L’un d’entre eux observa: «Il faut faire confiance à l’éleveur.» Sur le coup, j’ai failli pouffer de rire. Je me disais: «Écoute, Chose, si je devais faire confiance à tous ceux que je rencontre, je deviendrais vite sans-le-sous.»

Mais à bien y repenser, cet homme disait vrai. Malgré toutes les précautions qu’il m’est possible et légitime de prendre, il arrive un point où je n’ai plus le choix de faire confiance. Je ne possède jamais toutes les réponses à une question. Bertha présentait une belle conformation, elle avait été saillie par un taureau certifié et on m’avait fait l’éloge de son propriétaire, mais au-delà du calcul du risque, il existe une zone d’ombre, souvent inconfortable, où je ne peux que me fier au témoignage d’autrui.

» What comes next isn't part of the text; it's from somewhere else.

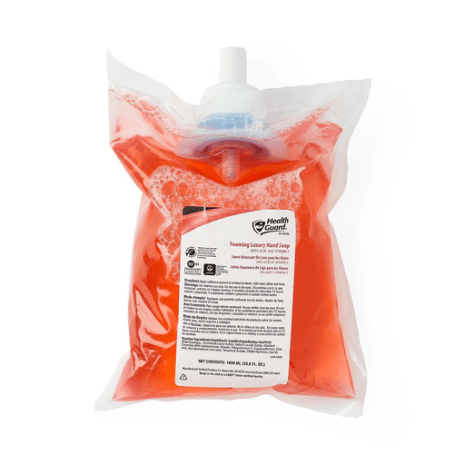 SOAP LUXURY FOAM HEALTHGUARD 1000 ML Effective handwashing with thick, rich, foaming soapPleasant tropicalscentFor use with Medline dispensers MSC9941GRA and MSC9941BLK Foam, the Easy Solution for Every Hand Soap Need! Medline's foam system offers a clean contemporary dispenser with a unique push pad that dispenses 0.75 ml of rich foam per push vs. 1.5 ml per push for most bag-in-box systems. This will provide twice the number of hand washings per 1000 ml bag. In addition to the dynamic design we offer three different formulas ALL producing thick, rich foam. Luxury Hand Soap with a pleasant tropical scent which is perfect for general purpose applications. 1000 ml Bag Unit: CS
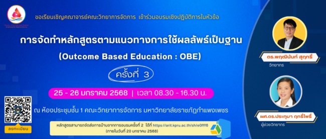 ขอเรียนเชิญคณาจารย์คณะวิทยาการจัดการเข้าร่วมอบรมเชิงปฏิบัติการในหัวข้อ “การจัดทำหลักสูตรตามแนวทางการใช้ผลลัพธ์เป็นฐาน (Outcome Based Education : OBE) ครั้งที่ 3” 📅 ในวันที่ 25 – 26 มกราคม 2568 เวลา 08.30 – 16.30 น. 📌 ณ ห้องประชุมชั้น 1 คณะวิทยาการจัดการ มหาวิทยาลัยราชภัฏกำแพงเพชร ✦ วิทยากรโดย: ดร.พฤฒินันท์ สุฤทธิ์ และทีมงาน ……………………………………. 📝 ทั้งนี้ขอให้แต่ละหลักสูตรจัดส่งการบ้านจากการอบรมครั้งที่ 2 ภายในวันที่ 20 มกราคม 2568 ได้ที่ไดรฟ์: https://arit.kpru.ac.th/sh/e0fff6 ……………………………………. 👉 ตอบรับเข้าร่วมกิจกรรมได้ที่: https://arit.kpru.ac.th/sh/74ea7f ……………………………………. กำหนดการ PDF

Évidemment, les conseils d’un éleveur ne peuvent m’être profitables que si je les mets en pratique; ils viennent alors éclairer ma zone d’ombre où je tâtonnais. Et malgré certaines déceptions cuisantes, je dois reconnaître qu’un gain net vient généralement récompenser le choix de faire confiance.

Toutefois, je remarque qu’en moi la méfiance est plus facile que la confiance. Pourquoi? Il existe toujours la crainte de me faire rouler (il s’agit là de défiance), mais je ne peux pas maintenir ma porte fermée. La méfiance n’est pas complètement mauvaise non plus, elle est nécessaire à la survie.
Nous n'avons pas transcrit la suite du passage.